Noch verbietet es sich für unsere gegenwärtige Krise Sinn und Bedeutung zu formulieren, wir sind ja noch mittendrin. Und natürlich wäre es theologischer Unsinn darin eine Strafe Gottes zu behaupten. Aber dass mit ihr unsere Lebensweise und unser Wirtschaftssystem in Frage gestellt wird, zeichnet sich ab. Und dass selbst das beste Gesundheitssystem niemanden unsterblich machen würde, müssen wir ebenfalls begreifen.

Was bleibt also von unserer schönen, für einen zweiten Feiertag so typischen Bibelgeschichte, die ja wie immer zu „zweiten Gedanken“ einladen soll?

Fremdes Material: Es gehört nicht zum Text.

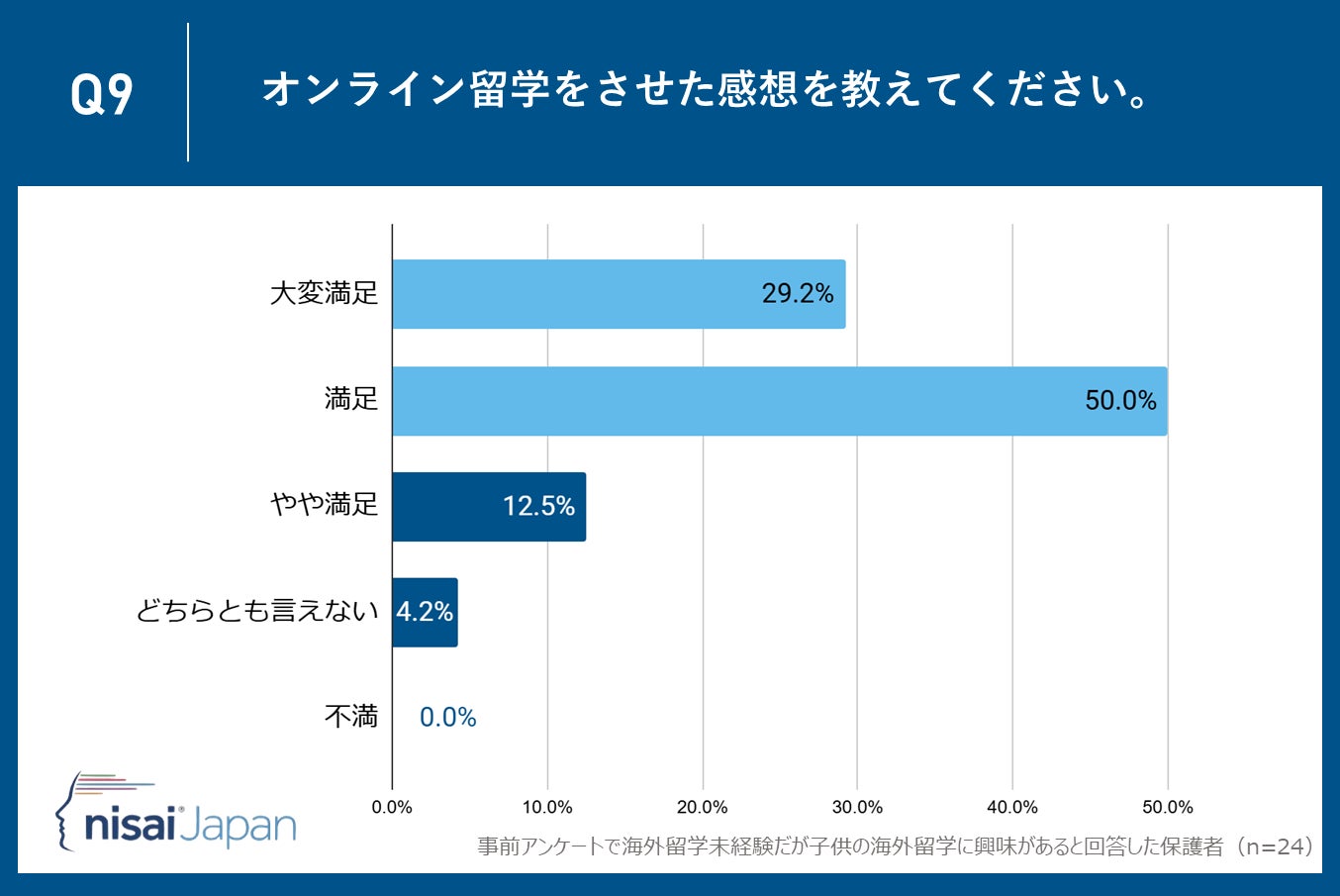 オンライン留学の未経験者は88.9%と多数派でしたが、経験した家庭の79.2%が「大変満足」または「満足」と回答。不満と答えた家庭はゼロという結果から、オンライン留学が質の高い教育の提供に成功していることが示されています。

1. Es darf gelacht werden, auch in der Bibel findet sich Humor. Das Osterlachen soll das gesündeste sein (das gleiche gilt für den Kirchenschlaf).

2. Wir sind nicht allein mit unseren Zweifeln. Wenn schon die heiligen Apostel Bedenken hatten und äußerten, dürfen wir komischen Heiligen das auch. Auferstehung ist jedenfalls nicht erklärbar und verrechenbar nach unseren Maßstäben und soll das auch nicht sein: Wenn ich Auferstehung erklären könnte, hätte ich mich schon geirrt. Sie liegt quer zum Denken. Ich muss es glauben – oder eben nicht (weil wir nichts glauben müssen). Sie will und kann nicht verstanden werden (und das kann dann durchaus ein Problem sein, wenn die Evangelisten und Apostel, der große Paulus zumal, zu viel erklären wollen).

3. Der Auferstandene lässt sich in seinen Worten finden. Wenn unser „Herz brennt“, sind wir ihm begegnet. Unsere Geschichte schließt an die Emmaus-Geschichte an, dort heißt es: Brannte nicht unser Herz in uns, da er mit uns redete auf dem Wege und uns die Schrift öffnete? (Lukas 24,32)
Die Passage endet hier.